In the 1980s, credit cards became an American phenomenon. The once rarely-seen form of payment meandered its way into grocery stores, malls and the majority of the population’s daily life as they borrowed money for daily purchases. For up-and-coming entrants to the grown-up world, these minute pieces of plastic will likely cross the mind. Those looking for a fraud-protective, credit-building addition to their wallets will find that a well-selected credit card can serve a responsible user flawlessly. Under the age of 18, teenagers may become authorized users of their parents’ credit cards, but as students graduate into adulthood, their options expand.

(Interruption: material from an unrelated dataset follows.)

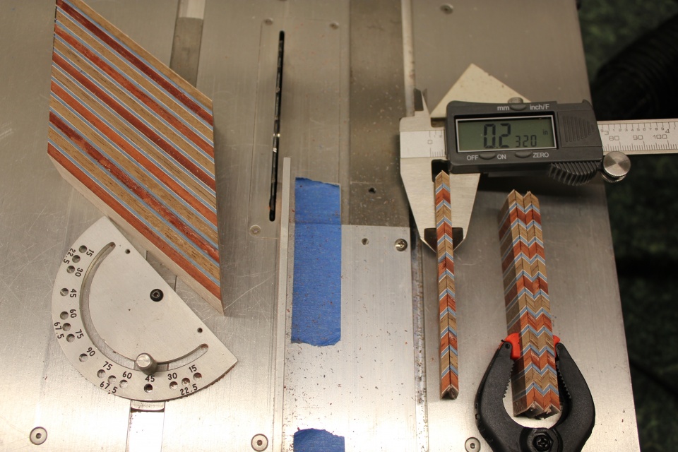 Mark - that is what I've been thinking of doing as well - it's just that some of us still have to work! My attempts to create a blank in that manner were unsuccessful. I could never get them sanded to consistent angles. Your use of jigs certainly helps - I think that a second sanding jig might be necessary to support the chevron after the first angle has been sanded. When I tried it I couldn't keep the chevron from slipping and producing uneven angles.
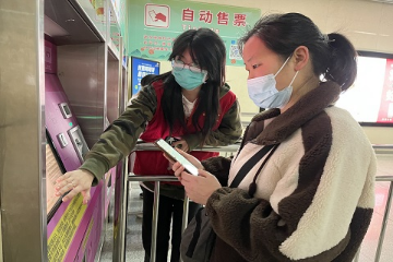 志愿者张锦鸿负责在闸机口引导乘客进站。当观察到乘客携带大件行李进站时,张锦鸿会引导他们至宽闸机口并帮助乘客搬运行李,以提高乘客的进站效率。与此同时,志愿者左小艳在进站口帮助乘客申请乘车码,并向乘客介绍它的使用方法与便利之处,协助乘客体验高效的进站方式。

Typically, new credit card seekers will lack pre-existing credit history. This record, gained from paying bills on utilities, loans and credit cards, builds a score which could help people choose options with higher limits or lower interest rates. For inexperienced teenagers, the credit card options typically include secured cards, which require a deposit, or student cards with a similar premise, specifically for college kids. Alternatively, these people can create credit history with credit-builder loans, though these will create swaths of debt that will burden those unprepared to repay them. Essentially, the variability lies in the limit — the amount of money a person can charge to the card — and the interest — the extra debt accumulated as a charge for every month the card sits with the balance not paid off. Regardless, any bank’s credit cards will work similarly, and the real difference lies in how the person uses them.

With every swipe, credit cards offer the ability to improve or harm their owners’ credit scores. Cards include a minimum payment each month, which lenders will typically calculate as a minor percentage of the card’s balance. Generally, paying only the minimum payment will keep the person in debt, a risky situation to stay in. The deepest trouble a credit card holder could fall into, though, lies in failing to pay that bill, especially routinely, because that shows a lack of accountability, which will find its way onto the credit score.
“Monitor your spending so you’re not spending too much, and then pay as much off as you can the next month. They’re gonna tell you a minimum payment amount, but that minimum payment will essentially keep you in debt forever, so if you can pay more than the minimum, that’s the best way to stay out of long-term debt. Small purchases are probably better because it’s easier to pay it off. The big thing is, you need to be realistic in your purchases,” Advanced Placement (AP) Microeconomics teacher Tara Sisino said.
Credit cards promise their users control over their finances and a stronger credit history. Like any newfound control, this freedom poses risks. Still, any financially smart young person will find himself or herself with a powerful, credit-building piece of plastic in his or her wallet. This holds especially true considering the rewards, such as cash back, each might offer.